Raw data:
++++

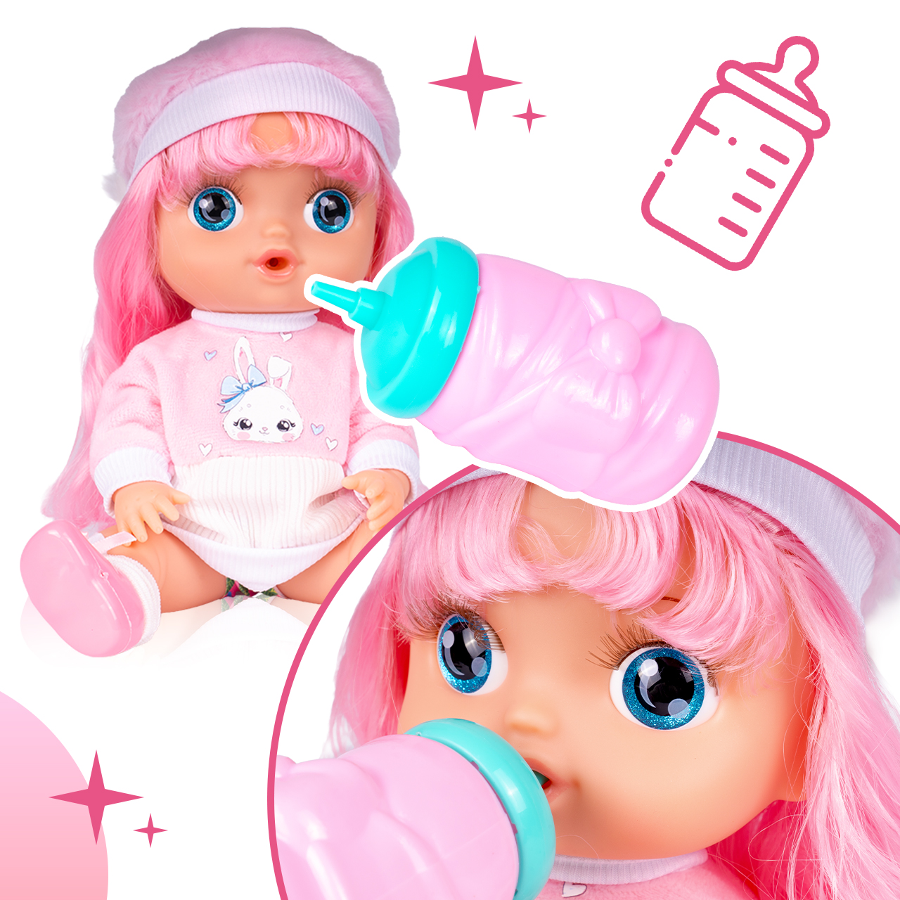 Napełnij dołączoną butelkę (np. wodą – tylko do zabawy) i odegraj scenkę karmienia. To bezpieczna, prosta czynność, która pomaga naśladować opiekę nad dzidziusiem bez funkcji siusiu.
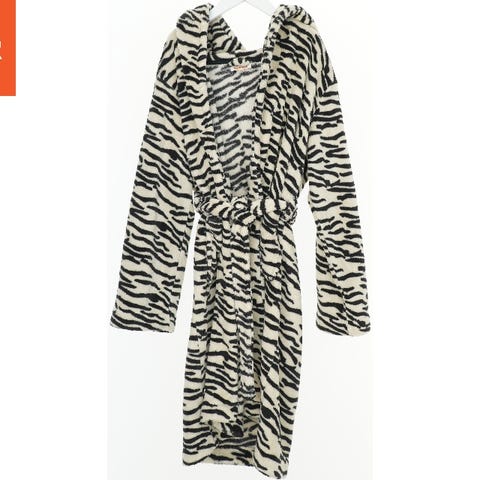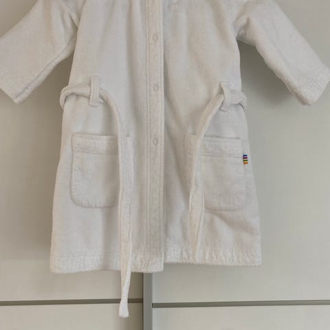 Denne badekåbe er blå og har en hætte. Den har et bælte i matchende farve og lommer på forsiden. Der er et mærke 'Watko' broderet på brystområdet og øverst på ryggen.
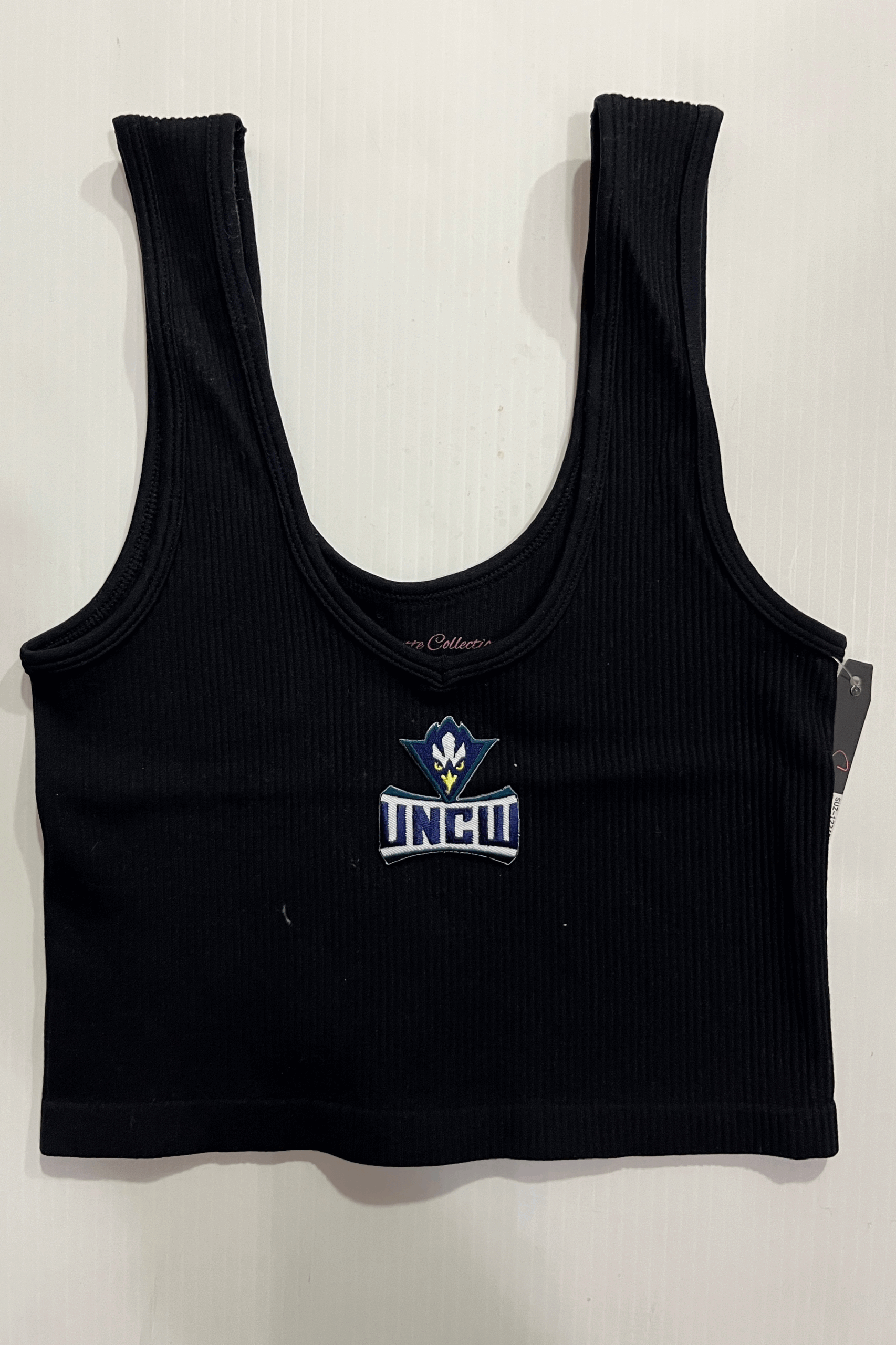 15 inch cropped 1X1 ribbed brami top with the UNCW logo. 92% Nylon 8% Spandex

++++

What needs to be done: Would you return the material exactly, images excluded?

Output of the task:
 Napełnij dołączoną butelkę (np. wodą – tylko do zabawy) i odegraj scenkę karmienia. To bezpieczna, prosta czynność, która pomaga naśladować opiekę nad dzidziusiem bez funkcji siusiu.
 Denne badekåbe er blå og har en hætte. Den har et bælte i matchende farve og lommer på forsiden. Der er et mærke 'Watko' broderet på brystområdet og øverst på ryggen.
 15 inch cropped 1X1 ribbed brami top with the UNCW logo. 92% Nylon 8% Spandex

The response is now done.